[ RadSafe ] USA Today article about cell phone radiation (and chem / bio) detectors
Jim Hardeman
Jim_Hardeman at dnr.state.ga.us
Fri May 4 14:54:19 CDT 2007
Colleagues --
URL = http://www.usatoday.com/tech/news/techpolicy/2007-05-03-cellphone-attack-detector_N.htm?csp=34
Hmmm, let's see, there are somewhere on the order of 60,000 nuclear medicine procedures performed each day in the US, mostly on an out-patient basis -- and most of these folks will likely have a cell phone. Does anybody but me see a problem w/ pulling the real hazard out of the "noise" here? Unless the cost of a cell phone goes up to say $10K to cover the cost of the onboard gamma spectrometer (not to mention the cost of the chem/bio sensors) there will a LOT of alarms, and a LOT of folks running around trying to "adjudicate" (don't y'all just LOVE that word?!) them all. Talk about job security!
Jim Hardeman
Jim_Hardeman at dnr.state.ga.us
===============
Phones studied as Attack Detector
By Mimi Hall, USA TODAY
WASHINGTON * The government is researching whether the best defense against a chemical, biological or radiological attack might one day be right in everyone's hands * or on their ears.

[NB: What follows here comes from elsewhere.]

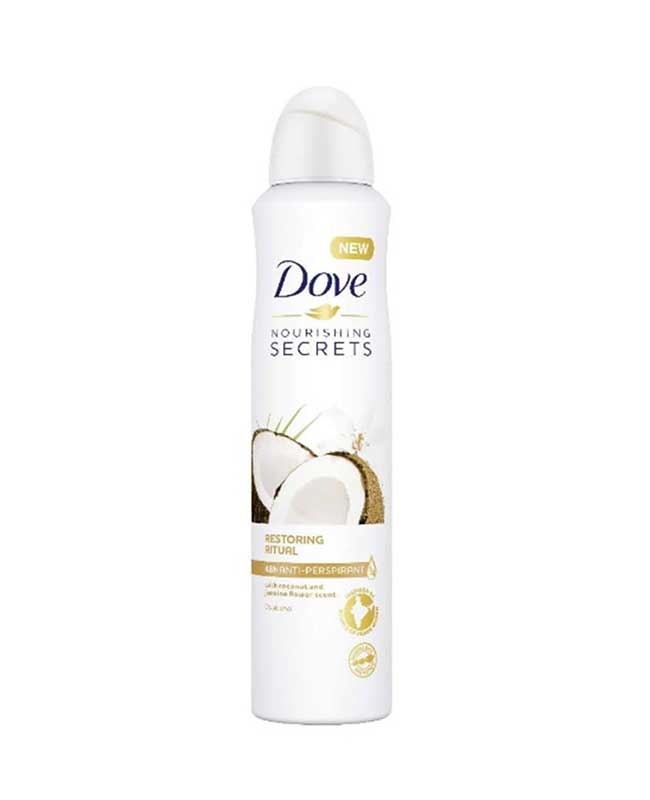 اسپری ضد تعریق زنانه داو مدل Coconut & Jasmine Flower با رایحه نارگیل و گل یاس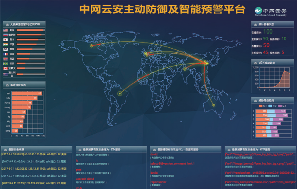 散播数百探针,感知并诱捕威胁,实现早期预警;分析入侵动机,定性威胁等级,同时针对外部入侵,内部间谍,恶意代码等均可有效阻断。

Homeland Security officials are looking into outfitting cellphones with detectors that would alert emergency responders to radiological isotopes, toxic chemicals and biological agents such as anthrax.

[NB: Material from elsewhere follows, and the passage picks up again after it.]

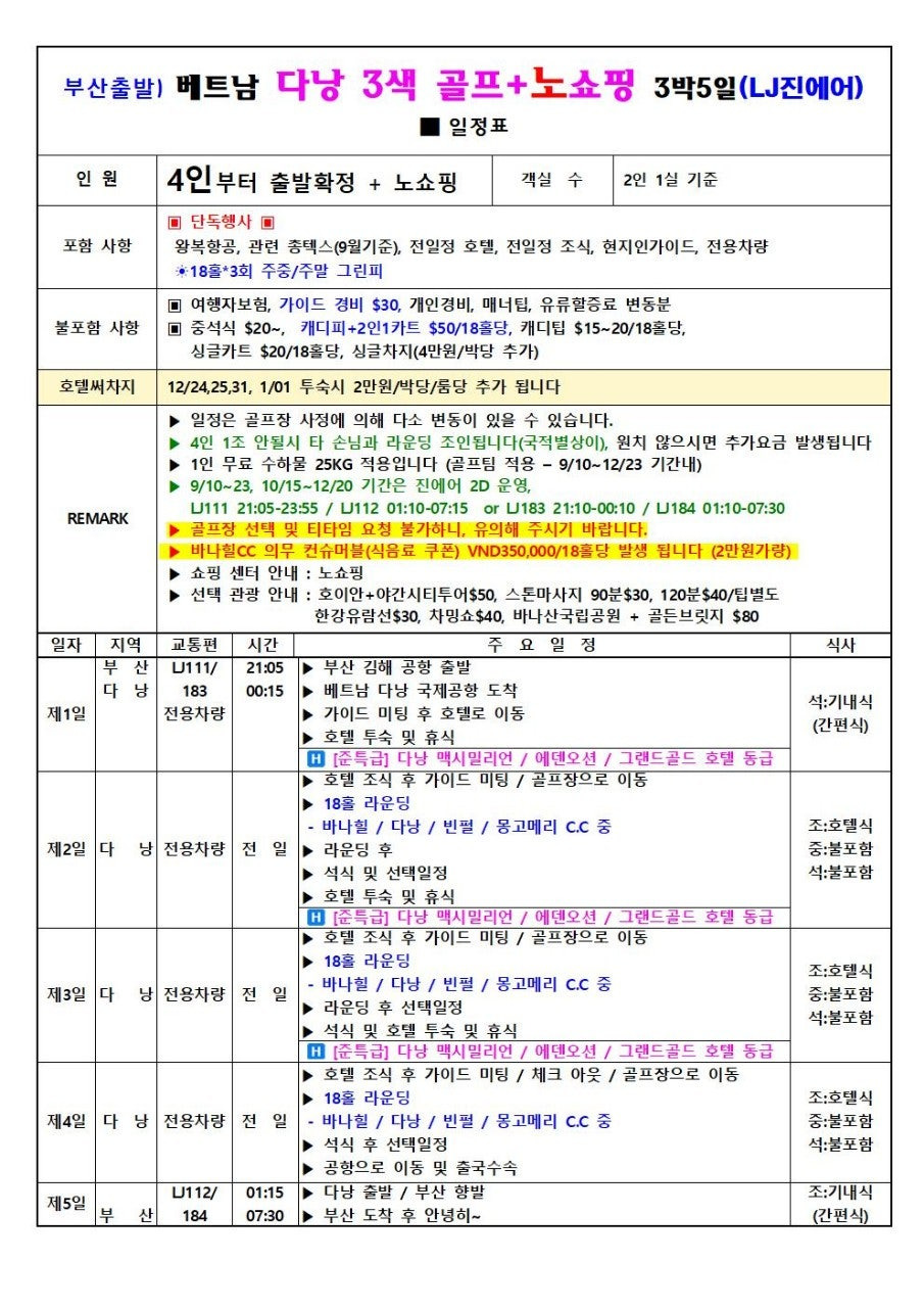 2) **다낭 3색 + 노쇼핑 (4명 이상 출발)**

"If it's successful, it'll change the way chemical, biological and radiation detection is done," says Rolf Dietrich, deputy director of the Homeland Security Advanced Research Projects Agency, which invests in high-tech solutions to secure the nation against terrorist attacks. "It's a really, really neat thing."
Dietrich says it's way too early to know whether the idea would work, and department officials are just beginning talks with phone companies and privacy advocates. If it does work, he says, it could be a "game-changer" in how the nation recognizes and responds to a deadly attack.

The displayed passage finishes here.